Entre tantos acertos técnicos e narrativos, ainda há espaço para que o arco dos protagonistas tenha destaque.
Blake e Schofield já começam o filme amigos, mas são homens diametralmente diferentes. Blake é mais jovem, impulsivo e otimista. Ele acredita na glória da vitória. Ele já começa o filme parecendo otimista e impulsivo, e sua ânsia em salvar o irmão apenas o leva a correr mais riscos.

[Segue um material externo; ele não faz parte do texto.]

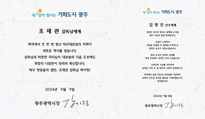 강기정 시장은 이날 광주시 소속 선수단에 축하 메시지를 보내 “파리에서 보여준 혼신의 노력이 새로운 희망의 사다리를 놓았다”며 “우리의 가슴을 뛰게 한 열여섯 영웅들의 파리이야기를 잊지 않고 기억 하겠다”고 응원했다.

Schofield é mais velho e calejado. Ele já lutou no fronte e percebeu o absurdo do conflito que se desenrola há três anos. Suas experiências o tornaram cauteloso, pragmático, até cínico a ponto de não voltar para a casa durante as folgas porque não vê um ponto em ir para ter que retornar ao fronte depois. Ele apenas deseja escapar de tudo aquilo com vida, e a forma como a missão o afeta sem que isso jamais soe forçado ou arbitrário de forma alguma, é mais um testamento da qualidade do longa.
Muito do êxito do arco do personagem se deve à espetacular atuação de George MacKay, que exibe com segurança e veracidade a determinação e o desespero de um homem lutando contra o relógio e seus próprios instintos.
A ação é esporádica e frequentemente inesperada, nós geralmente acompanhamos Blake e Schofield chegando a lugares onde as batalhas já terminaram, mas quando a guerra chega, ela é violenta e tem os dois pés na realidade. Homens atiram uns nos outros de trás de coberturas com rifles que disparam uma única bala de cada vez e erram muito mais do que acertam enquanto se arrastam por lama, escombros e água tentando se manter tão invisíveis quanto possível.
Entre tantos acertos, talvez o maior de todos seja a maneira como 1917 trata a ambiguidade de uma guerra sem vilões óbvios. Não há um inimigo específico a derrotar. Nós raramente vemos o rosto de um alemão, talvez num esforço consciente de Mendes e Wilson-Cairns em mostrar que o verdadeiro inimigo é a guerra em si.
Ao lançar uma merecida luz sobre uma guerra que muitos parecem dispostos a esquecer sem jamais glorificá-la, escolhendo dar ênfase às melhores qualidades das pessoas, bravura, compaixão, disposição em se sacrificar em nome de um bem maior, Sam Mendes criou um dos melhores filmes de Guerra do cinema recente, que reverbera o adágio a respeito do que acontece com as pessoas que desconhecem sua História.
Eu não tenho palavras o suficiente para recomendar 1917 da maneira como o filme merece ser recomendado, então, nem pense a respeito. Apenas vá assistir, e pense depois.
É obrigatório.

"-Eu tinha esperança que hoje seria um dia bom. Esperança é uma coisa perigosa."